Daniel Lemire's blog

, 2 min read

Should you follow the experts?

It is silly to say that ignorance is strength. However, the contrary statement is not follow the experts. The right knowledge is strength. The tricky part is that determining what you should know is just as hard as learning it. So, while the expert might be sitting on the shoulders of giants, these giants might be looking in the wrong direction or maybe they have been sinking in quicksand. The only thing that experts have going for themselves is that they tend to be consistent: if they make mistakes, they are the expected mistakes.

Examples:

  • The financial crisis of 2008 was not on the radar of the mainstream economists. However, original thinkers like Nouriel Roubini and Nassim Nicholas Taleb did predict it with accurate arguments. They are still being dismissed by mainstream economists as lucky. Indeed, mainstream economists often argue that the events that matter, such as the big crashes and the significant surges, are fundamentally unpredictable. How convenient!- The Web was invented by a physicist, not by a librarian. Many librarians resisted the Web.
  • Wikipedia was not invented by a publishing house editing an encyclopedia. In fact, most publishers such as Encyclopædia Britannica ridiculed wikipedia. Instead, it was founded by someone who failed to complete his Ph.D. in finance and went to work for a trading company instead.
  • YouTube was not invented by a media company or a TV station. It was invented by hackers who had worked together at Paypal, where they were trying to disrupt the banking industry.
  • Blogs and Twitter were not invented by journalists. Blogging was invented by a hacker. In fact, journalists ridiculed blogs initially.
  • Amazon.com was invented by a computer scientist, not a bookstore owner. Bookstores were dismissive of Amazon.com initially.
  • The iPhone was invented by a company that made computers and MP3 players, not portable phones.
  • The leading edge in self-driving cars is not at General Motors, but at Google, a search company.
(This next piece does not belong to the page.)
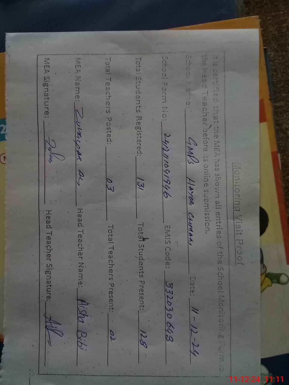 | Attendance Register | Head Teacher | MEA with School | Visit Proof |

The practical lessons are:

  • Be wary of groupthink. Mainstream experts are most likely to fall prey to groupthink. The worse of it is that introduces systematic errors: every expert will tend to make the same mistake so that the unanimous view might be fatally flawed.
  • Being an expert is overrated when innovation is needed. What if you had planned to invent Amazon.com? You might have decided to go in the bookstore business for a few years to make sure you understood books. Or you might have worked for a publishing house. By the time you had a decade of experience you would probably have not been able to build Amazon.com. Too much of your point of view would be dependent on the old ways.